▶ _What this task involves_
For the data below, transcribe the part that opens with the line containing "Mappin & Webb" and closes with the line containing "從BTS Phorm Phong站下來,單數巷一邊向Sukhumvit", exactly and with no pictures.

▶ _Input for this task_

--- --- ---

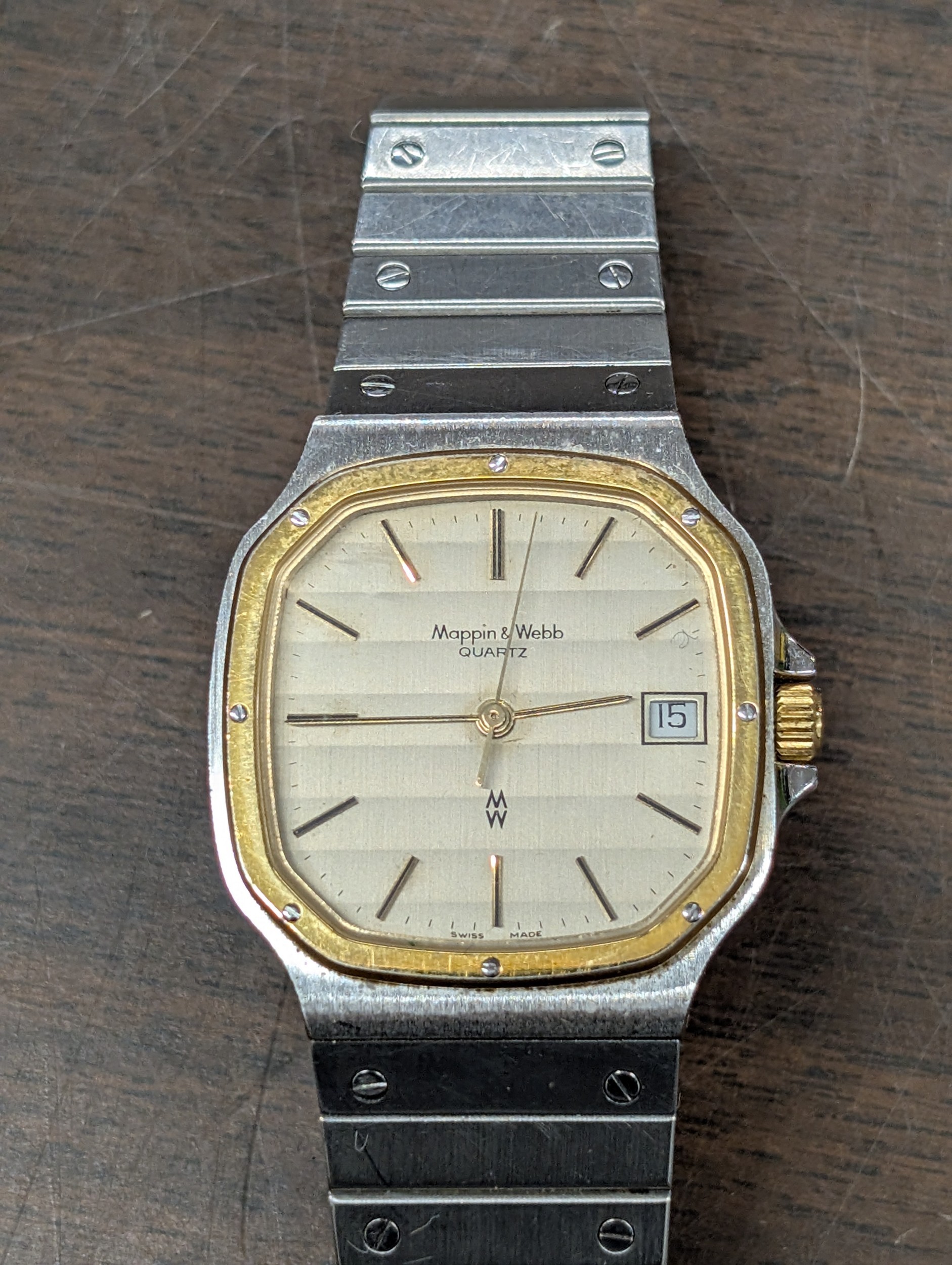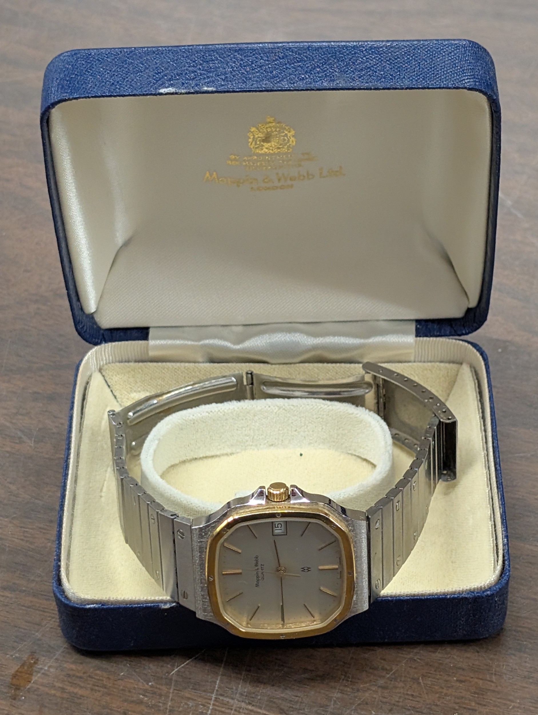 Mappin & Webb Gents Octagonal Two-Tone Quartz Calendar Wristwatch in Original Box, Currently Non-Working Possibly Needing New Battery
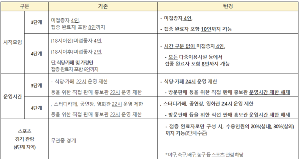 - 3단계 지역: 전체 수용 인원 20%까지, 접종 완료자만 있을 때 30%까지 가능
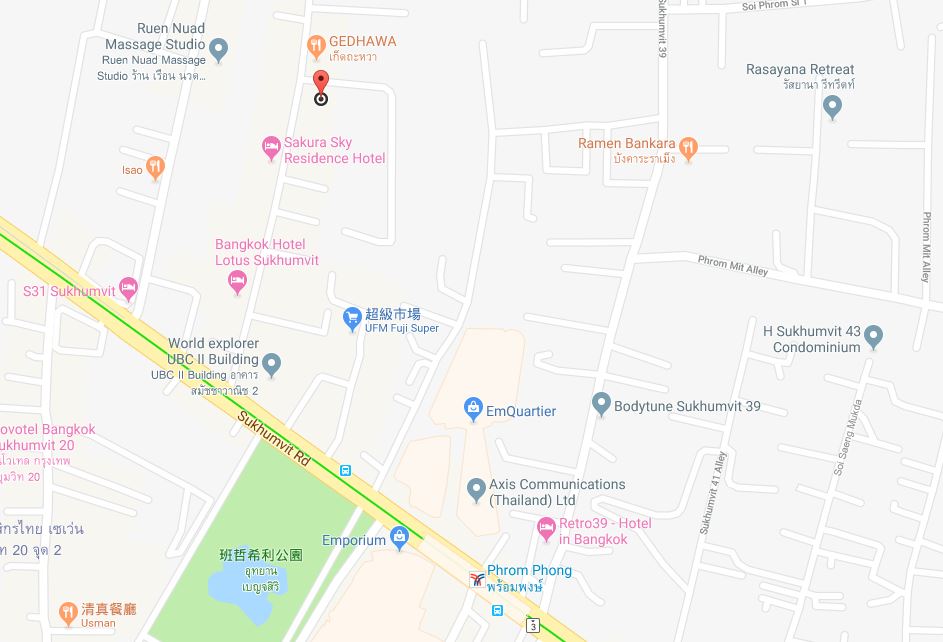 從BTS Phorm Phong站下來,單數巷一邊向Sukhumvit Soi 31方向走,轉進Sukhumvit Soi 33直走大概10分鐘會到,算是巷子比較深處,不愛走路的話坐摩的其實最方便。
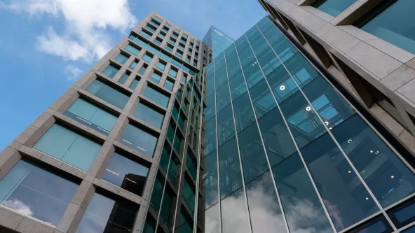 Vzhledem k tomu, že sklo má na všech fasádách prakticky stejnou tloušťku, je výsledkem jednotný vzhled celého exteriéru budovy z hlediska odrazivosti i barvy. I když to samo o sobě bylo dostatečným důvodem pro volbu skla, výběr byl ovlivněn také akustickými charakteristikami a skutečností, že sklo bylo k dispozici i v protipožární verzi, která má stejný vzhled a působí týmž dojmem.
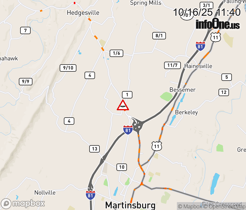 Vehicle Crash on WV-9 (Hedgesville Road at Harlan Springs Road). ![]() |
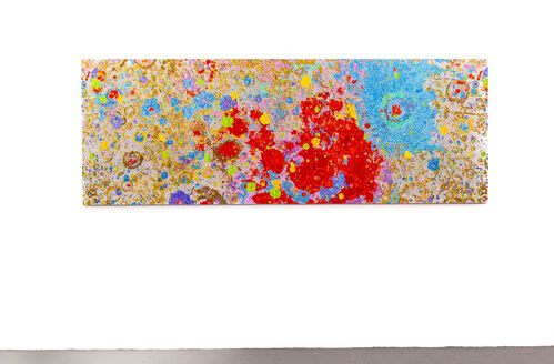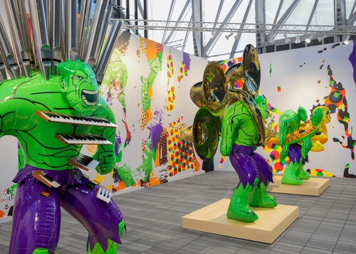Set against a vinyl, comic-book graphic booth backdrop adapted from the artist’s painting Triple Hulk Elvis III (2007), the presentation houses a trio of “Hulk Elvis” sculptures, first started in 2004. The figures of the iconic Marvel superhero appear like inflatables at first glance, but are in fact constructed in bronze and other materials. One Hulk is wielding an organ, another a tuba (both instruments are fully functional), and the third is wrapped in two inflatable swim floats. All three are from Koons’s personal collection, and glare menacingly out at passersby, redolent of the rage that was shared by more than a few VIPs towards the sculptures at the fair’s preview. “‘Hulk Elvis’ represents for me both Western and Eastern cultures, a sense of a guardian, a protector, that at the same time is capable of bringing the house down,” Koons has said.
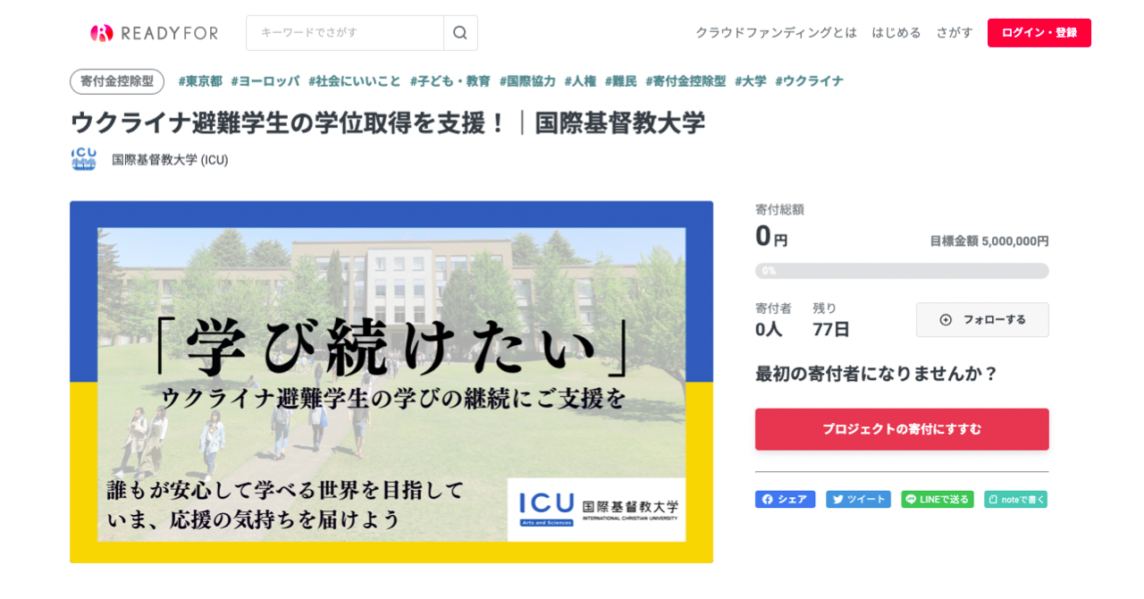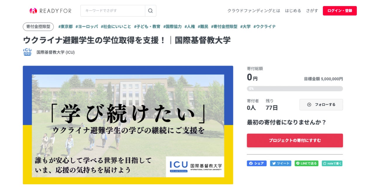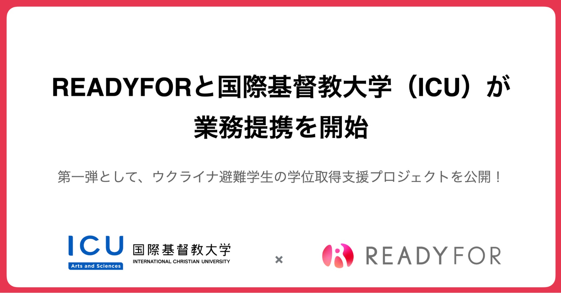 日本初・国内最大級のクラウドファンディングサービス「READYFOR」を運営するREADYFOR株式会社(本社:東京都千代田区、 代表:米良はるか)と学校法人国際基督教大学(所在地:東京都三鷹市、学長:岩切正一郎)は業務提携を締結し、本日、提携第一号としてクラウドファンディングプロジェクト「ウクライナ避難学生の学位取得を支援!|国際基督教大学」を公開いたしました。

--- --- ---

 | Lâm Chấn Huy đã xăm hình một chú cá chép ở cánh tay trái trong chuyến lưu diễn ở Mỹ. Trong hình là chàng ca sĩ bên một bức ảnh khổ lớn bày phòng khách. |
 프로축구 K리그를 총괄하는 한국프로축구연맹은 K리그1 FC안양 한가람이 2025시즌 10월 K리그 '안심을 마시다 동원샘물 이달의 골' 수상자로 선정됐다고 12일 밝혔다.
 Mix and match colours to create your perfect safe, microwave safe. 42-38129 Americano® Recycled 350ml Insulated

--- --- ---

▶ _Result of the task_
 Mappin & Webb Gents Octagonal Two-Tone Quartz Calendar Wristwatch in Original Box, Currently Non-Working Possibly Needing New Battery
 - 3단계 지역: 전체 수용 인원 20%까지, 접종 완료자만 있을 때 30%까지 가능
 從BTS Phorm Phong站下來,單數巷一邊向Sukhumvit Soi 31方向走,轉進Sukhumvit Soi 33直走大概10分鐘會到,算是巷子比較深處,不愛走路的話坐摩的其實最方便。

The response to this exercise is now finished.